Askar Bolatuly Baitassov (Qazaq: Асқар Болатұлы Байтасов; Russian: Аскар Булатович Байтасов; born September 25, 1984, Mezhdurechenskoye, Almaty region) is a Kazakhstani businessman, founder of abr company, and owner of 50 restaurants in Kazakhstan.

== Early life ==

Baitassov was born on September 25, 1984, in Mezhdurechenskoye, Almaty region to parents Baitassova Aiman Mukhamedzhanovna and Baitassov Bulat Bakhtygereievich.

In 2002, Askar graduated from Kazakh-Turkish Lyceum and in 2007, he graduated from the State University of Management Moscow, Russian-Dutch Department of Marketing. He spent 3 years studying in Moscow and 2 years at Saxion University of Applied Sciences in Enschede, Netherlands.

== Career ==
In 2007, he started managing the family restaurant business in Almaty.

In 2012, founded abr restaurant company. Baitassov has upscaled the family business into a holding that became the leader of the restaurant industry in Almaty.

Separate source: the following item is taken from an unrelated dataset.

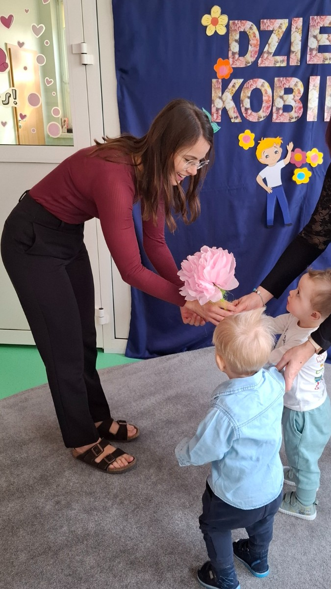 Następnie nadszedł czas na złożenie życzeń przez chłopców oraz odarowanie kobiet kwiatami zrobionymi z bibuły.
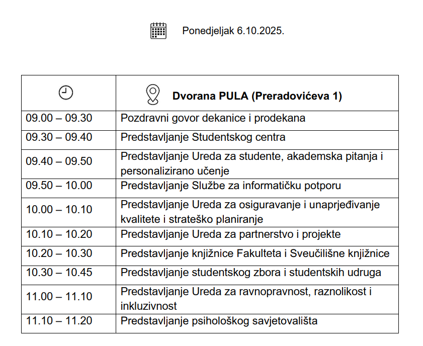 Dragi brucoši i brucošice, pozivamo vas na Orijentacijski dan u ponedjeljak, 6. listopada 2025., s početkom u 9.00 sati.

In 2013, Ernst & Young named Askar Baitassov Entrepreneur of the Year in Kazakhstan.

In 2016, Askar Baitassov graduated from the General Management Program at Harvard Business School.

In 2020, he was included in the Almaty City Council.

In 2025, Forbes Kazakhstan named Askar Baitassov Entrepreneur of the Year.

In 2025, Askar Baitassov was included in the Forbes Kazakhstan list of the 75 richest businessmen in Kazakhstan, with an estimated net worth of $110,000,000.

=== abr company ===
Over 15 years, abr grew to 50 restaurants united under 18 concepts (mono and chain): Del Papa, Афиша, Cafeteria, Огонёк, AUYL, Aroma, Дареджани, Julius, Luckee Yu, Бродвей Бургер, COCO, RAW, SPIROS, Blanca, TÖR, ŞYÑ 32, JINAU, Alma.

In 2024 two abr restaurants — TÖR and AUYL — were included in 52 Places to Go rating by The New York Times. Also in 2024 Forbes published a list of The 16 Most Beautiful Restaurants In The World, According To Prix Versailles – a yearly architectural prize by UNESCO, in which AUYL restaurant was included.

In 2020 the company entered foodtech, releasing abr+ app, and formed a development team by 2021, creating a full scale bonus experience for the offline. In 2023, the abr tech team created the BEAST system for restaurant management.